In Beyond Roe: Why Abortion Should Be Legal—Even If the Fetus Is a Person (Oxford), University of Colorado philosopher David Boonin says personhood doesn’t matter because laws that protect the unborn involve letting a person “who has no right to use it” use another’s body. There’s where believers in God can take a stand. A baby has the right to use a mother’s body because that’s the way God made us.
But the best way to understand how the other half thinks might be to go back 20 years to Vincent Genovese’s The Angel of Ashland: Practicing Compassion and Tempting Fate, a biography of Robert Spencer. As the title suggests, it’s a positive look at the man recognized as “The King of the Abortionists” for—from 1919 to 1969—killing close to 100,000 unborn children at the rate of almost 2,000 per year, or eight for every working day.
David Boonin says laws that protect the unborn involve letting a person ‘who has no right to use it’ use another’s body. There’s where believers in God can take a stand. A baby has the right to use a mother’s body because that’s the way God made us.
Genovese shows how Spencer went to Penn State and grew dubious about his parents’ Methodist beliefs: “As a science major he was naturally introduced to Charles Darwin’s Origin of Species. The direct conflict of the theory of evolution assaulted the religious beliefs he held so dubiously, further eroding his faith.” Spencer wrote, “You have two choices—religion which is a myth or science which deals with facts. The religionist believes we were created by a god.
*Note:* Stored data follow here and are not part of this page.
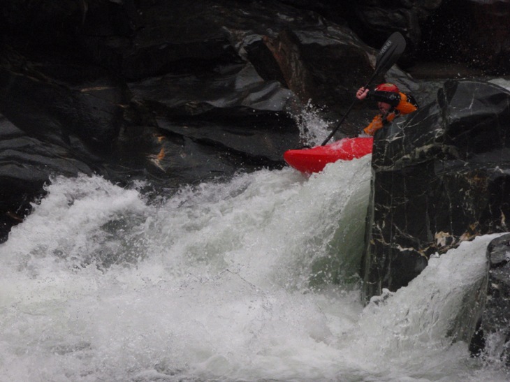 A day after running this run my memory has already started to fade of it. This may be due to being upside down more than upright, or it may just be because my memory is turning into my dad's, who knows. I would like to think it is because of paddling my brother's playboat which I am much too heavy for and stern squirting it through nearly every rapid in the first mile and a half. This resulted in some 6 flips in the first mile alone. Much of this run is also boat scout able for a first run, we only got out a few times to look. With that said, the rapids are going to be very vague as to placement and order. Actually, I have run it a few times since I first wrote this, and the rapids are now all in order.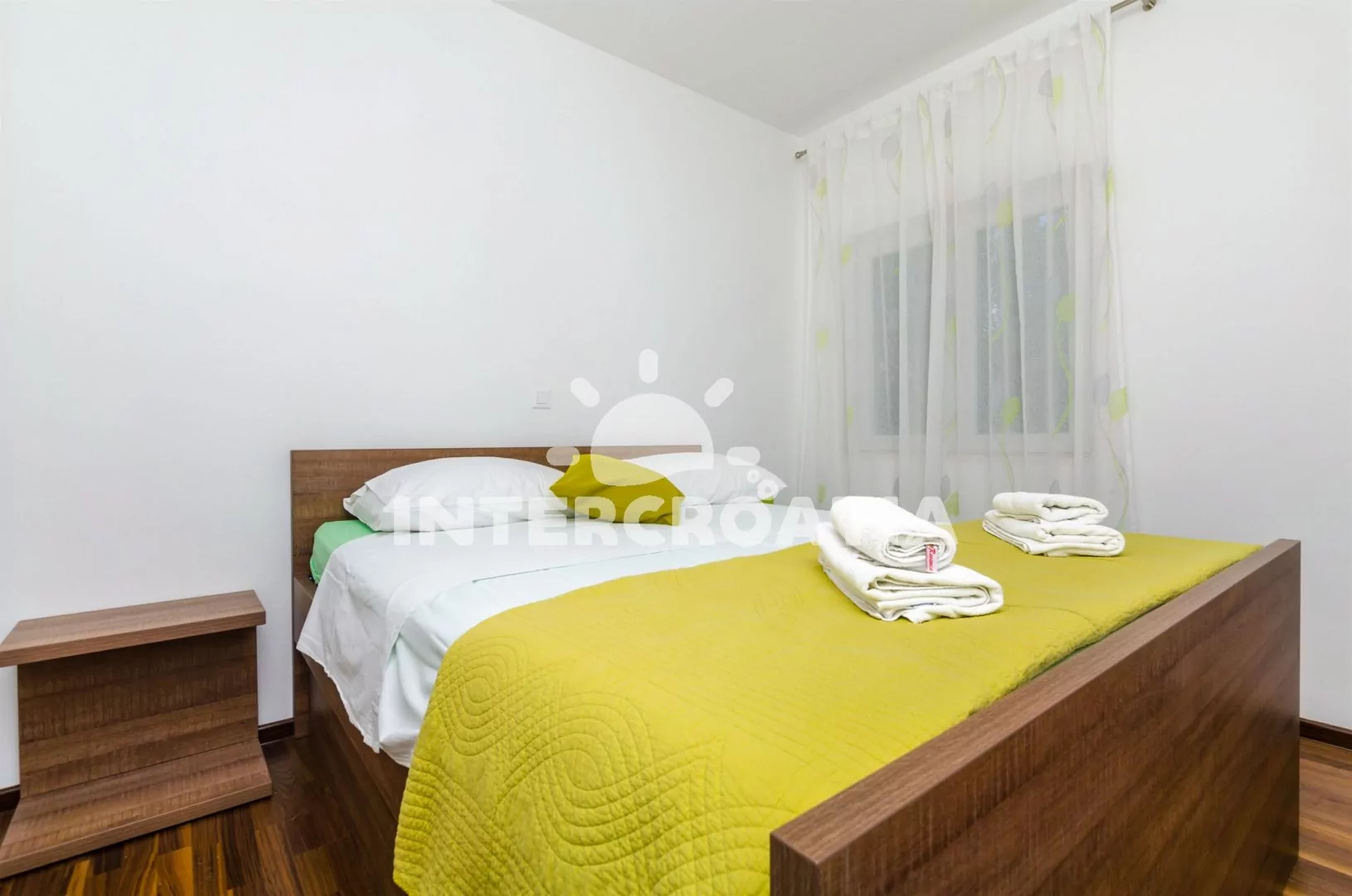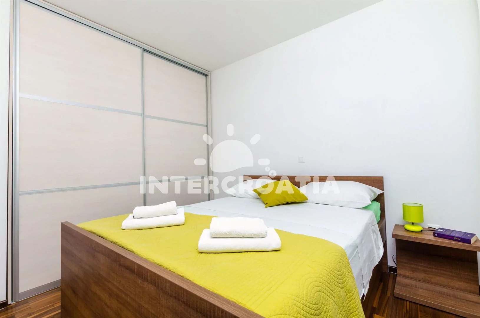 Apartmán (70 m2) s balkonem, venkovním posezením a výhledem do ulice se nachází v 1. patře domu. Apartmán má 2 ložnice a je vhodný pro až 4 osoby. Kuchyňská linka je vybavena sklokeramickou varnou deskou, digestoří, vestavěnou troubou, myčkou na nádobí, rychlovarnou konvicí, nádobím a lednicí s mrazákem. Obývací pokoj s jídelním stolem, pohovkou, televizí se satelitním programem, rádiem, klimatizací a vstupem na balkon. První i druhá ložnice je vybavena vždy s jedním dvoulůžkem. Koupelna se sprchovým koutem, umyvadlem, pračkou a wc. Hostům je k dispozici parkování u objektu zdarma.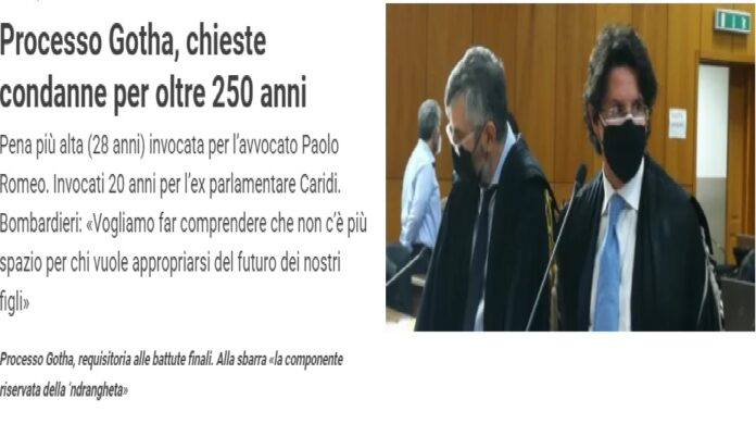 Sono richieste pesantissime quelle effettuate dal procuratore aggiunto di Reggio Calabria, Giuseppe Lombardo, nel processo “Gotha”, che si sta celebrando con rito ordinario davanti al tribunale di Reggio Calabria. Una richiesta molto dura quella effettuata nei confronti di Paolo Romeo, 28 anni, ritenuto al vertice della cupola massonico-mafiosa che ha governato le sorti della città insieme a Giorgio De Stefano. Nei confronti dell’ex senatore Antonio Caridi, la richiesta di condanna è stata pari a 20 anni, mentre per l’ex sottosegretario regionale, Alberto Sarra, l’invocazione è stata pure di 20 anni. Numerose anche le assoluzioni richieste, però, segno che la Dda non ha avuto alcuna remora a rimarcare l’innocenza di alcuni imputati.

The evolutionist believes we evolved. … I am an evolutionist, hence I am an atheist, it is impossible for me to believe in the God as described in the Bible.”
Genovese shows how “within this worldview, Spencer began in earnest in the 1920s and 1930s to perform abortions.” By the 1960s Spencer was fixating on “the population problem”: Killing unborn children was his way of dealing with “the growing problems of pollution, diminishing resources, the soaring costs to keep pace.” Spencer’s “simple equation [was] more people equals more poverty.” He even saw medicine generally as a problem: “By overcoming countless fatal diseases and conditions it gave society a low death rate along with unheard-of longevity. The result was wall-to-wall humanity.”
Spencer went on trial for abortion in 1955, 1959, and 1965, each time escaping imprisonment in part through good lawyering and community regard for the financial benefits Spencer’s Ashland, Pa., practice brought. Ashland became known nationally and internationally as a place of maternal safety, so girlfriends of the rich and powerful flocked there, along with celebrities whom author Genovese describes elliptically: “One of the major trade publications in 1956 has this blonde, green-eyed actress listed as the number-one box-office attraction. This sometimes moody and insecure actress found her way to Ashland, Pennsylvania.” —M.O.